Останавливается, наблюдая за тем, как я распускаю завязки на маске Антона. Если честно, она может сделать замечание, ибо — ну, она-то не в курсе некоторых моих нюансов общения с Юрием и про настырного Верещагина она тоже не знает. И она может постоять за тайну личности контрактного саба, хотя сейчас ему нужно дыхание и свобода от всяких сдерживающих приспособлений типа кожаных масок, с их недышащей поверхностью и кучей вязок.
А мне — нужно убедиться, что я ещё не совсем сошла с ума…
— Ты ведь поняла, кто он? — произносит куратор, протягивая мне полотенце.
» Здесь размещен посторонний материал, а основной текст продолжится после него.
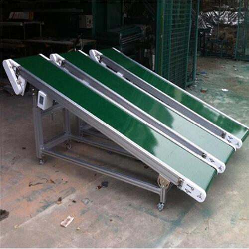 ?皮带输送线运用输送带的连续或间歇运动来输送各种轻重不同的物品,既可输送各种散料,也可输送各种纸箱、包装袋等单件重量不大的货物,用途广泛。输送带的材质有:橡胶、橡塑、PVC、PU等多种材质,除用于普通物料的输送外,还可满足耐油、耐腐蚀、防静电等有特殊要求物料的输送。采用食品级输送带,可满足食品、制药、日用化工等行业的要求。结构形式有:槽型皮带机、平型皮带机、爬坡皮带机、转弯皮带机等多种形式,输送带上还可增设提升挡板、裙边等附件,能满足各种工艺要求。输送机两侧可配工作台、加装灯架,可作为电子仪表装配,食品包装等装配线。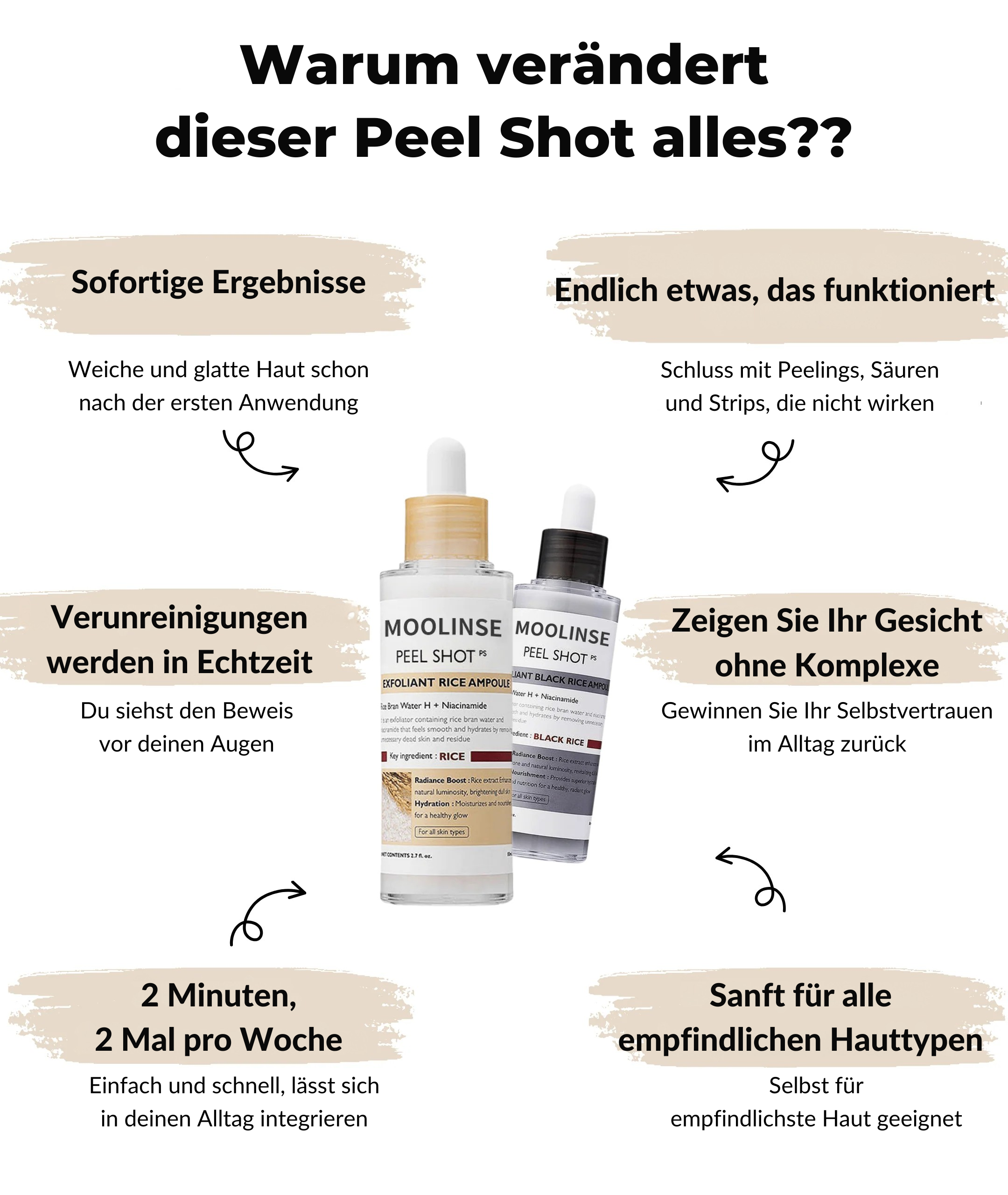 Schon nach der ersten Anwendung: strahlendere und glattere Haut, Make-up hält besser. Keine empfindliche Haut → mehrtägige Anwendung unbedenklich; empfindliche Haut, nicht täglich anwenden. Das „Pilling” sind tatsächlich abgestorbene Hautzellen. Ich habe die Ampulle mit weißem Reis genommen (die schwarze ist ausverkauft). Empfehlenswert.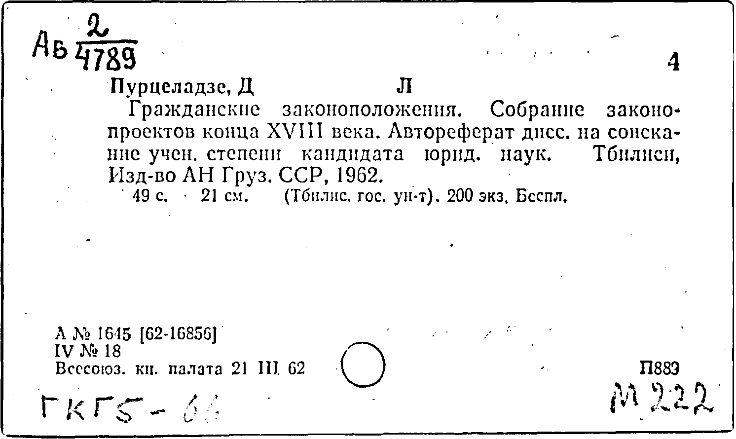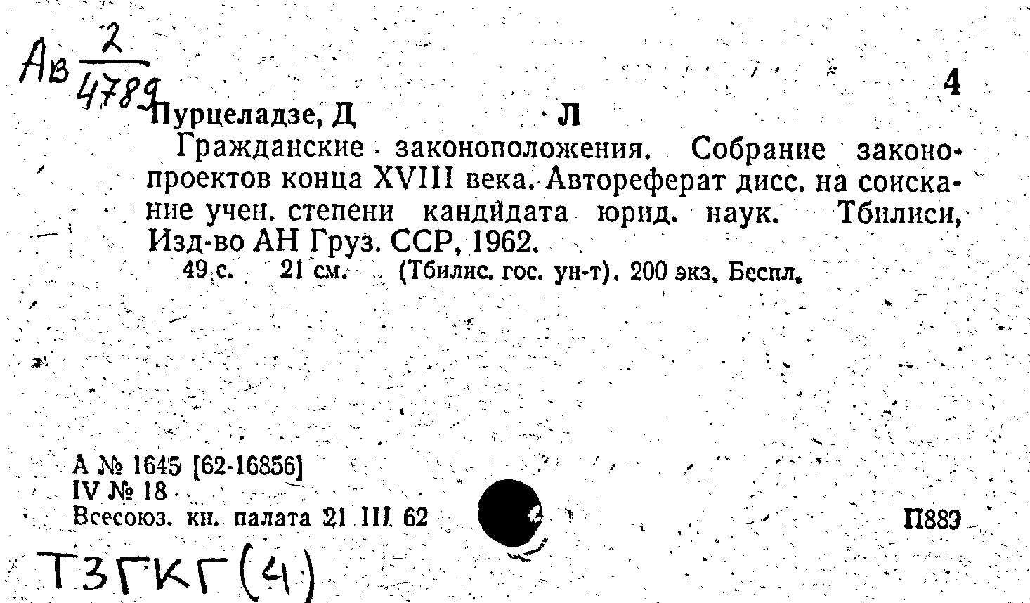 Фонд: КХ, Шифр: Ав 2 /4789, Инв.№: 0448442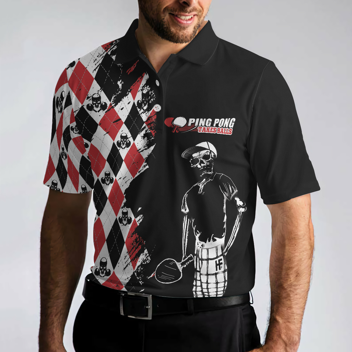 Ping Pong Takes Balls Table Tennis Polo Shirt, Argyle Pattern Ping Pong Player Polo Shirt, Ping Pong Shirt For Men - Hyperfavor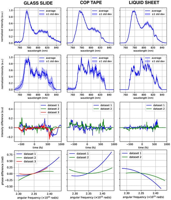 Row 1: mean spectrum and standard deviation recorded at the output of the laser amplifiers before interaction with the substrates. Row 2: average spectrum and standard deviation recorded during measurements with three substrates—glass, cyclo-olefin polymer (COP), and liquid—on different days. Significant spectral broadening in the blue region is observed for the glass substrate, attributed to self-phase modulation (SPM). Row 3: differences in temporal intensity between odd- and even-numbered subsets of the recorded spectra. The liquid substrate shows the smallest differences, indicating reduced noise and higher precision in temporal intensity reconstruction. Each data set corresponds to a different measurement taken on the same day using the same substrate. Row 4: differences in spectral phase between odd- and even-numbered subsets, showing minimal variation across the three substrates.

И это совсем не та формулировка вопроса, и совсем не тот голос, который я ожидала услышать.
Мы не говорили до сессии, все условия наблюдателю я отправила по электронной почте, а позже я не узнала ее только по одной причине — я была слишком глубоко в себе.
Я сейчас-то вполне имела возможность не заметить этого слона у себя под носом.
Но я всё-таки замечаю!
И первый мой порыв, когда я сопоставляю тон и формулировку вопроса с реальностью — грязно выругаться. И если бы не Верещагин, которому сейчас громкие звуки противопоказаны — я бы не удержалась. А так — приходится приглушить тон.
— Эвелина?! — распутывая предпоследний узел завязок на маске Антона, шиплю я. Кстати получается не так агрессивно, как мне бы хотелось. Сказывается, что я ещё не отошла с сессии. В душе тишина. Такая полная, что сложно заставить себя шуметь.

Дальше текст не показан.